**Task statement**
All of the data must be written out verbatim, with pictures excluded.

**Information shown**
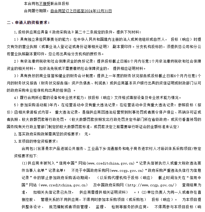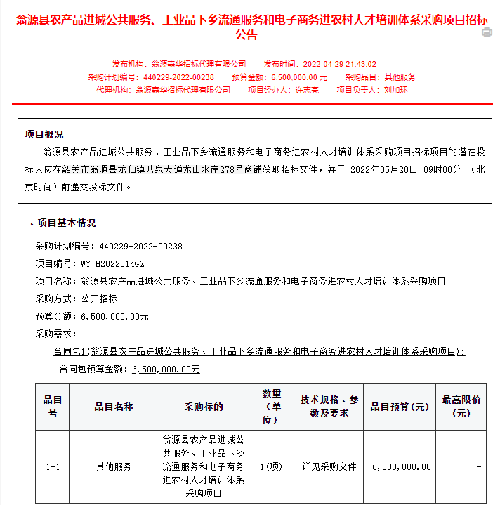 【2020年国家】翁源县农产品进城公共服务、工业品下乡流通服务和电子商务进农村人才培训体系采购项目招标公告
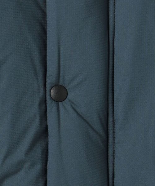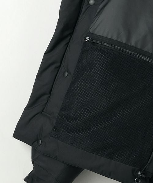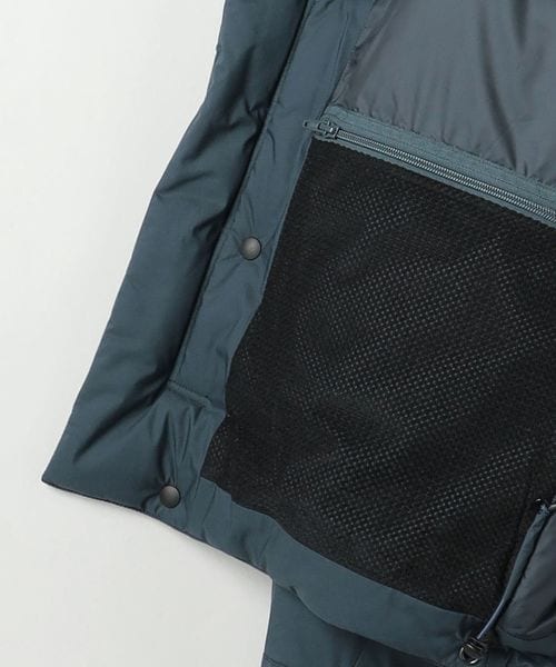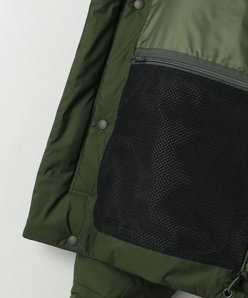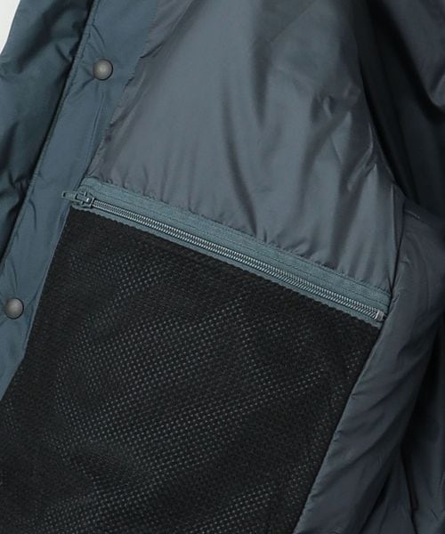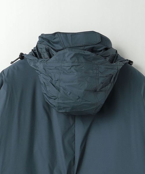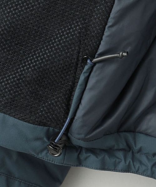 ネック内側にはフリース付き、後側・顔まわりにドローコードを配したつば付きフードは、襟元に収納することが可能。
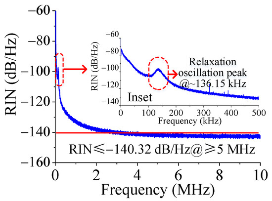 RIN spectrum measured in 0–10 MHz range; RIN spectrum measured in 0–500 kHz range (inset).
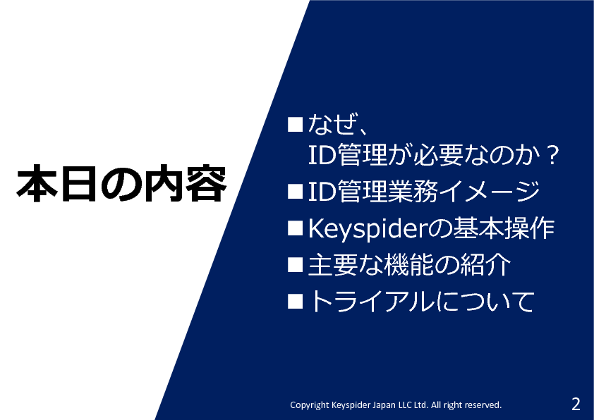 本セミナーでは、オンプレAD/AzureAD、又は人事システムのユーザーを、各種クラウドやオンプレAD/AzureAD、及びオンプレミスのシステムに自動連携する方法について、クラウドID管理サービス「Keyspider」を使って具体的な操作方法を解説します。

**Completed exercise**
 【2020年国家】翁源县农产品进城公共服务、工业品下乡流通服务和电子商务进农村人才培训体系采购项目招标公告
 ネック内側にはフリース付き、後側・顔まわりにドローコードを配したつば付きフードは、襟元に収納することが可能。
 RIN spectrum measured in 0–10 MHz range; RIN spectrum measured in 0–500 kHz range (inset).
 本セミナーでは、オンプレAD/AzureAD、又は人事システムのユーザーを、各種クラウドやオンプレAD/AzureAD、及びオンプレミスのシステムに自動連携する方法について、クラウドID管理サービス「Keyspider」を使って具体的な操作方法を解説します。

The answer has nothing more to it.